I'm trying to prove that the expected value of the stochastic integral (integral w.r.t to the centered, right-continuous with orthogonal increments) is zero. I've come up with a very simple argument that I feel might be wrong.
If I denote the integral as $I(f)$, we've got $I(f_n) \to I(f)$ in norm in the $L_2$ space. From the continuity of the scalar product we get $$EI(f_n) = \langle I(f_n),1 \rangle \to \langle I(f),1 \rangle = EI(f)$$
Since obviously $EI(f_n)=0$ ($Z$ is centered), $EI(f)=0$.
Is this correct? If not, I'd appreciate a nudge in the right direction. Thanks!

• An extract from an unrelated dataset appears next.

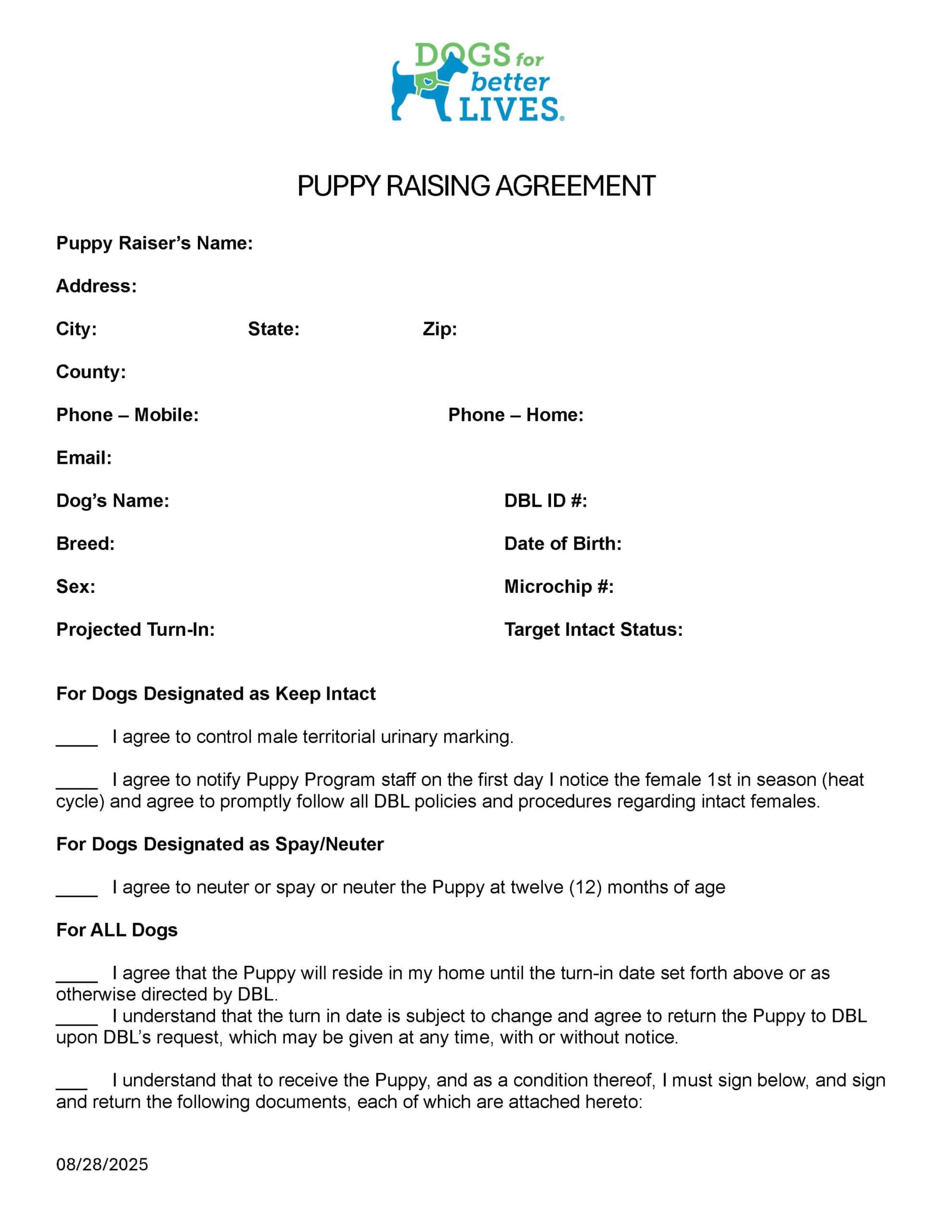 - Puppy Raiser Agreement

edit: Details. $f_n$ are simple functions (piece-wise constant) that converge to $f$. The integral of $f$ is then defined as a limit of integrals of the simple functions. More rigorously:
We have the process $\{Z_\lambda, \lambda \in [a,b] \}$ which is centered, right mean-continuous (in $L_2$), with orthogonal increments ($E(X_{t_4}- EX_{t_3})(\overline{X_{t_2} - EX_{t_1}})=0$ for $t_4>t_3>t_2>t_1$), the interval $[a,b]$ is bounded. Integral of a square-integrable simple (piece-wise constant) function is defined as $$\int^b_a f dZ = \sum^n_{k=1} c_k (Z_{\lambda_k} - Z_{\lambda_{k-1}})$$ For a (nonsimple) function $f$, we take $f_n$ converging to $f$ (simple functions are a dense subset) and define $$I(f) = \text{l.i.m.}_{n\to \infty} I(f_n) := \text{l.i.m.}_{n\to \infty} \int^b_a f_n dZ$$ Where the limit is the limit in the mean.
Hopefully that clears this up, if not, let me know.